PEN Berlin: After a row, writers call for a new alliance – Culture

After a fundamental disagreement at the annual conference in Gotha in mid-May, more than 200 authors announced the founding of a new association called “PEN Berlin”. A “contemporary and diverse” association of writers, translators and other word creators will be formally established on Friday. Early members will include writers Eva Minas, Daniel Kellmann, Antje Ravik Strobel, Tia Dorn and Christian Kracht. Also in attendance were Mithu Sanyal, Judith Chalansky and Seran Ates, as well as journalists and educators Deniz Yocel, Jan Fleischwar and Michael Friedman.

A statement from the group said the goal was to form a pen of colleagues “working for freedom of expression and open speech”, without a chairperson “and other titles”, but “with an equivalency board on top”. In the spirit of “Berlin of the same name, the multilingual city that today symbolizes openness and overcoming of borders, we call ourselves PEN Berlin – a non-governmental organization committed to the ideals of enlightenment, diversity of opinions, tolerance and solidarity.” A group of 11 initiatives will work on organizational issues until the Council is elected.

It is said that the focus of the work should be “on material and immaterial support” to persecuted colleagues. This new pen welcomes “everyone who works with the Word and is ready to join us in this endeavour.”

Only last October, the pen elected a new management team headed by journalist Yossel. Less than seven months later, the presidency fell, and extensive internal mail traffic was leaked. At its core, it was all about the allegations of bullying, management style, insults and general tone.

“Dominated by a bunch of buggers and crackers”

The 48-year-old narrowly escaped the vote at the start of the annual conference in Gotha, but resigned angrily because he didn’t want to be a showman at the sausage stand. At the same time he announced his departure from the Writers’ Guild – he continued in an interview: PEN “was dominated by a group of novices and criminals.”

Fighting for the course: Christoph Lynx (left), Christoph Nix (right), members of the Pen and Deniz Yucel, who was still a member of the Pen at the time.

(Photo: Martin Schutt/Image Alliance/dpa)

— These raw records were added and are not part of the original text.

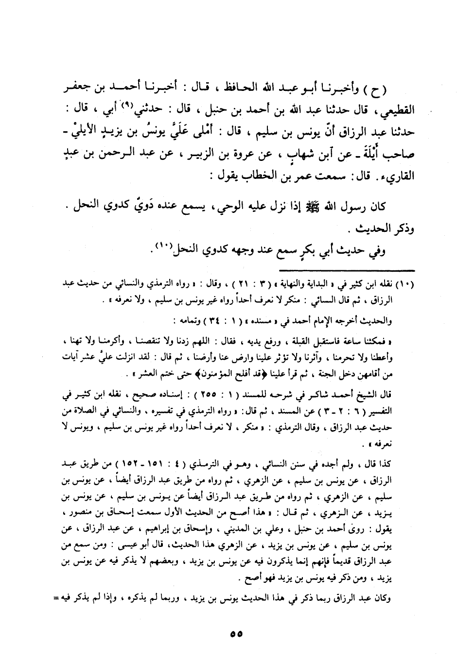 [ (10) ] نقله ابن كثير في «البداية والنهاية» (3: 21) ، وقال: «رواه الترمذي والنسائي من حديث عبد الرزاق، ثم قال السائي: منكر لا نعرف أحدا رواه غير يونس بن سليم، ولا نعرفه» .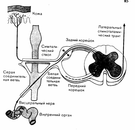 Некоторые болевые афференты, которые идут от кожи и внутренних органов и входят в данный сегмент спинного мозга, связаны с одними и теми же нейронами, служащими началом спиноталамического тракта. Возбуждение таких клеток интерпретируется как периферическая боль, потому что такая интерпретация соответствует приобретенному опыту. При заболевании внутреннего органа часто возникает еще одно следствие конвергенции ноцицептивных афферентов от этого органа и от соответствующего дерматома на нейронах проводящего боль пути, а именно гиперестезия (повышенная чувствительность) кожи данного дерматома. Это происходит потому, что возбудимость спинальных вставочных нейронов повышается висцеральными импульсами, и таким образом стимуляция кожи вызывает в центрах более сильную активность по сравнению с нормой (облегчение).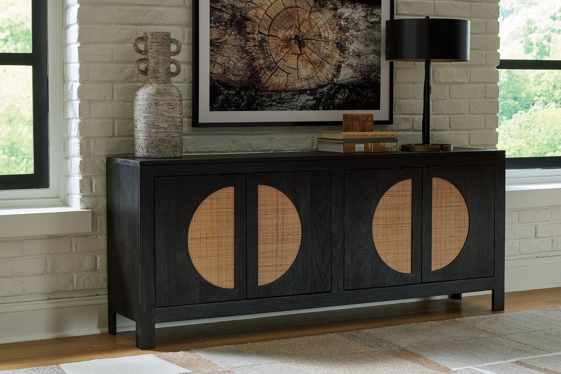 Bring high style and functionality to your home with this contemporary accent cabinet. Woven cane door fronts and a contrasting black finish bring the wow factor to this mid-century inspired piece. Whether it suits your storage needs in the dining room, home office or entryway, it's quite a showpiece.More About This Product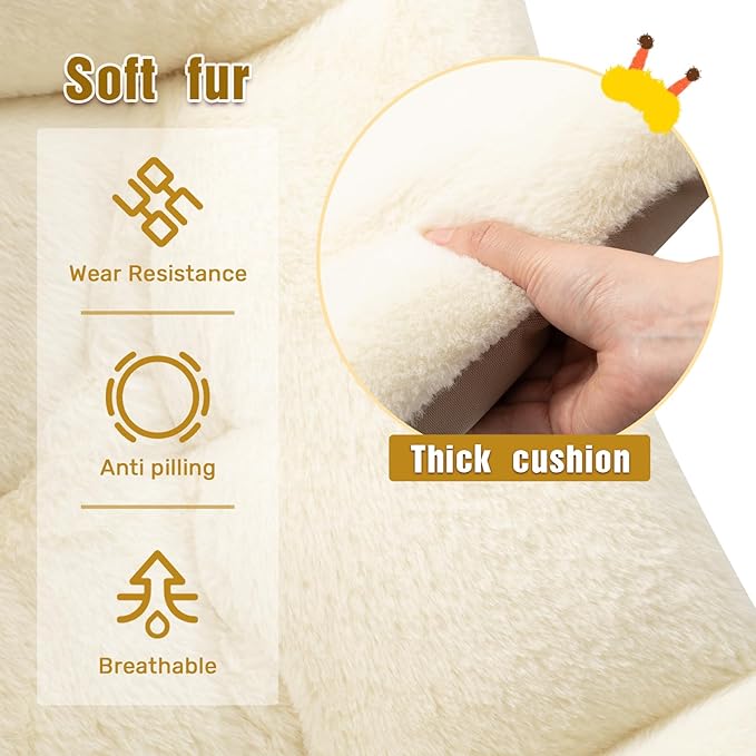 HollyHOME X-Large Saucer Chair with Foldable Ottoman, Comfy Oversized Folding Chair and Folding Footrest Stool Set, Faux-Fur Reading Chair and Footstool for Living Room, Bedroom, Beige Chair&Stool
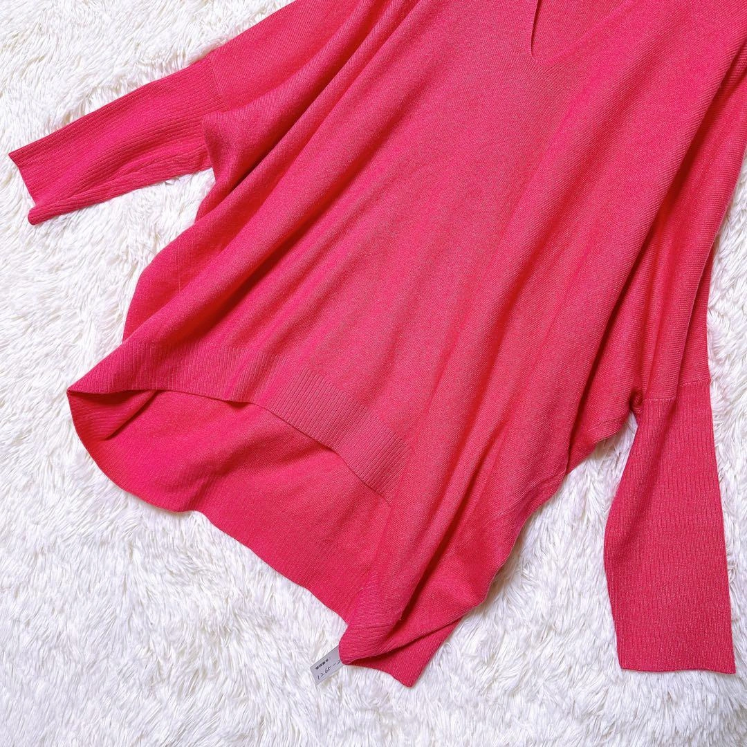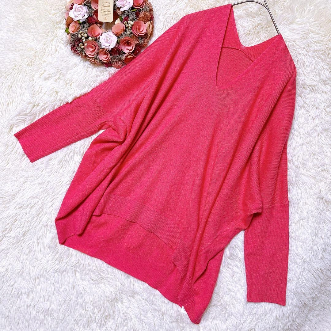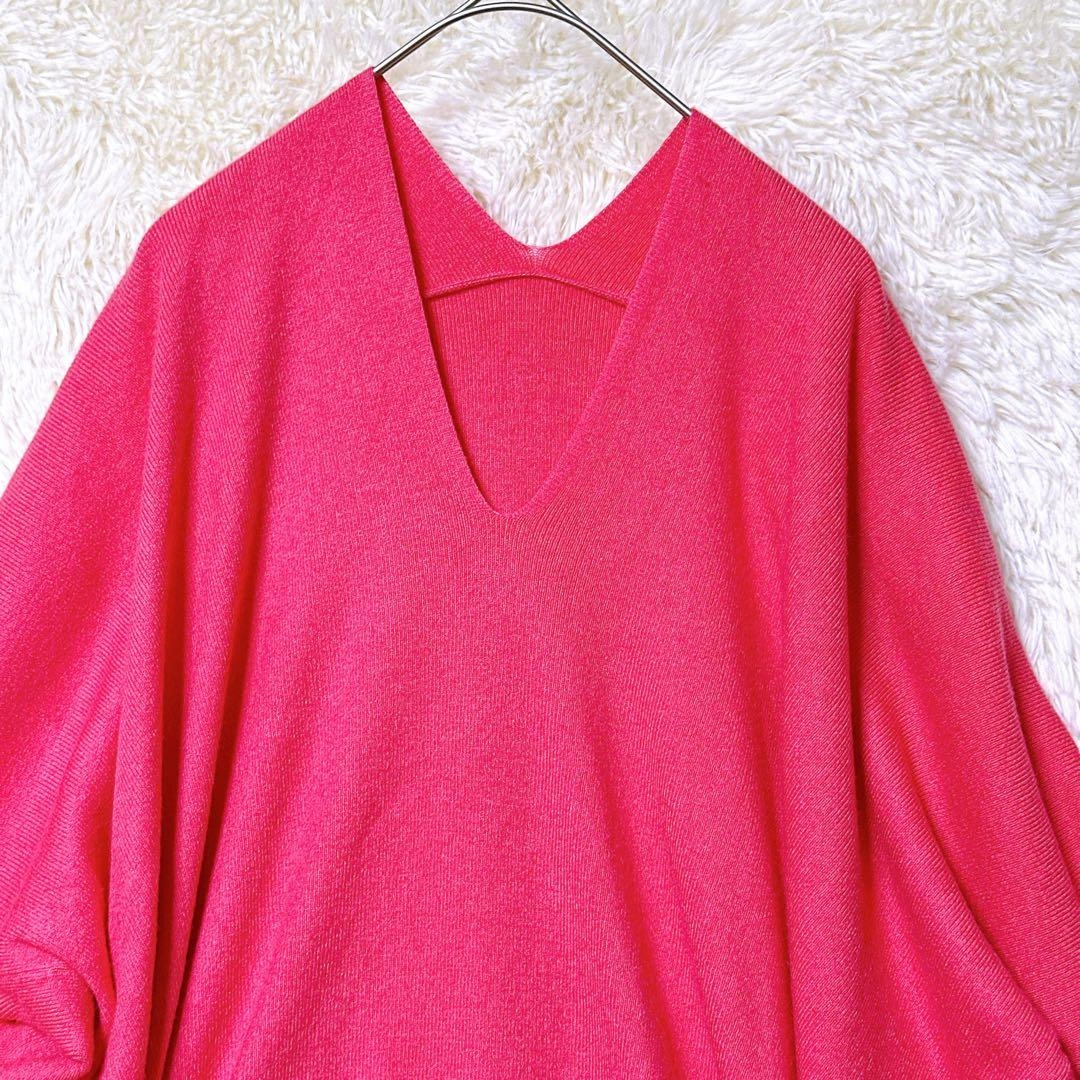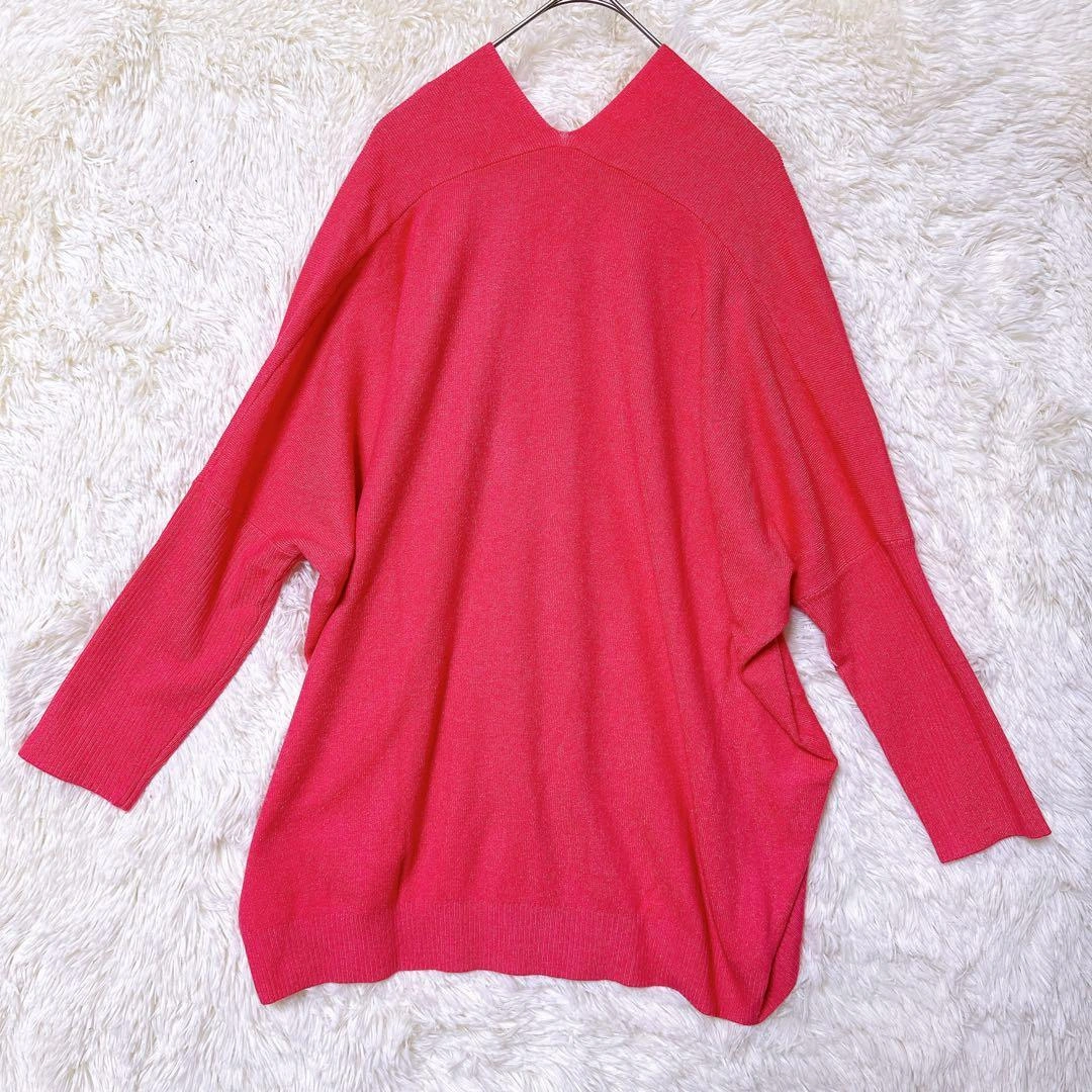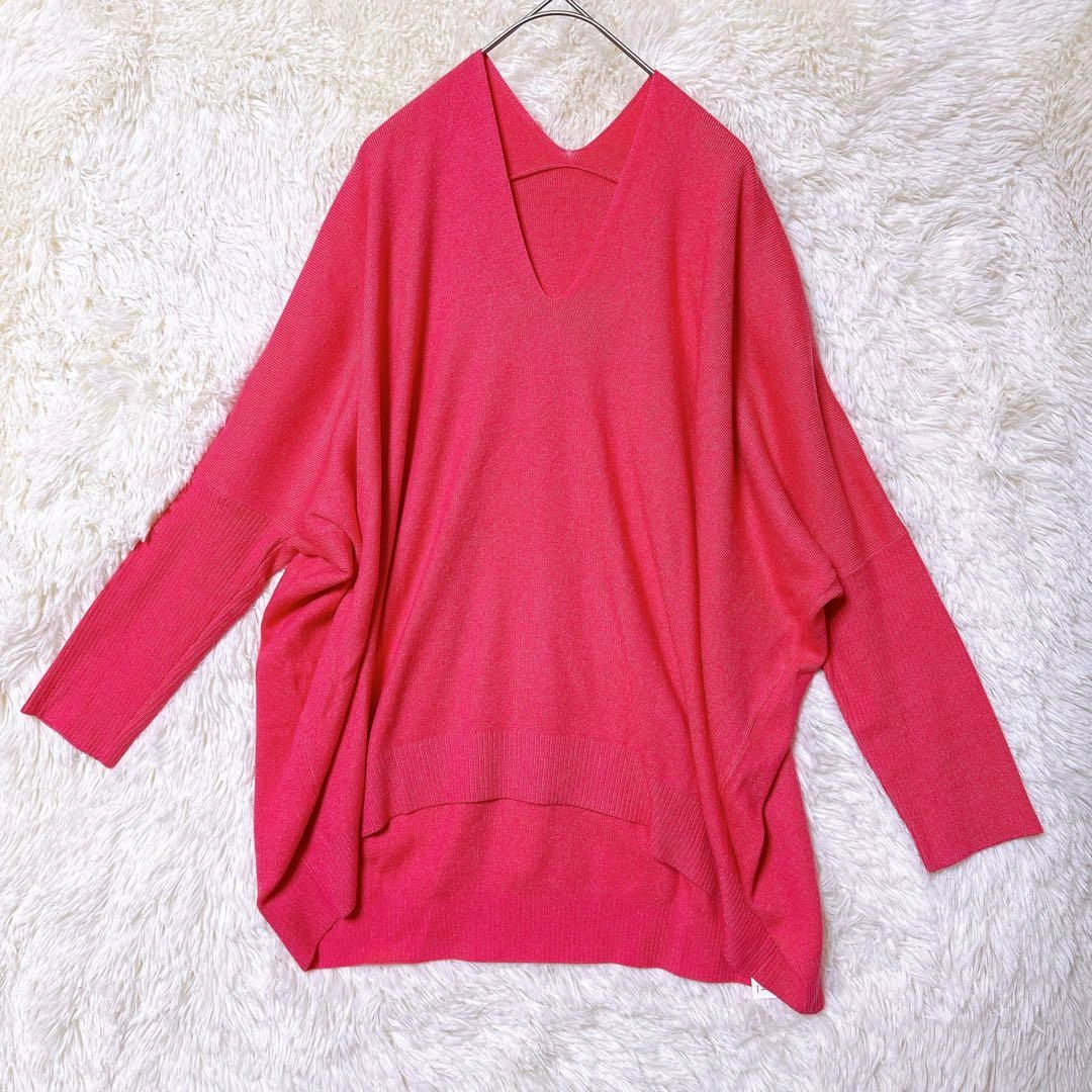 OFUON ニット セーター 長袖 オーバーサイズ Vネック M ピンク 上品

According to his own statements, PEN Germany has 700 members and is one of more than 140 writers’ societies worldwide united in PEN International. Indeed, the pen is considered the voice of persecuted and persecuted authors all over the world. In Jota, the members only spoke of one thing: themselves—sometimes in a poisonous, irreconcilable tone, as the camps give each other nothing. The dispute not only revealed a deep rift, but also a struggle over the direction of the pen.

In order to pave the way for a fresh start, the entire remaining Executive Committee of Gotha after Yucel resigned. Austrian writer Josef Haslinger was elected interim president by a large majority. He must lead the Writers’ Guild until the election of a new leadership team at an extraordinary general meeting in the fall at the latest. Haslinger, who was head of the pen from 2013 to 2017, said he saw his job as building new trust: “We will fight for reconciliation.”

At that time, many members were horrified by the course of the annual conference in Jota. They found the trench warfare between Yucel’s critics and supporters shameful, humiliating, and fatal. At the same time, demands for renewal and renewal of the assembly were heard from the ranks of the pen. Pen member Herbert Wisner said he needed “a fresh start with youth after this disaster, we’re headed toward nirvana.” At that time, some of the pen members were loudly thinking of leaving.

Book brawl:

“It takes moments like this for something new”: writer Eva Minas.

(Photo: Carsten Cole/AFP)

When asked why a separate organization is now being set up instead of trying a fresh start within the former pen, writer Eva Minas told SZ, “The energy is wasted. It takes moments like this for something new, despite all the warnings about defection.”

Of course, there is also the risk of disagreements and disagreements when setting up the new company. Minas said the project should be understood as “almost an invitation to listen to each other at least once in this terribly divided time. We live in a rich and peaceful country. PEN’s ultimate goal is to be there for others – everyone has to stand behind.” other disagreements. It has already become clear that the list of potential members is “much more female, immigrant and diverse than we had hoped a few weeks ago” — “it’s not one bubble, but several next to each other on this list.” This makes her optimistic.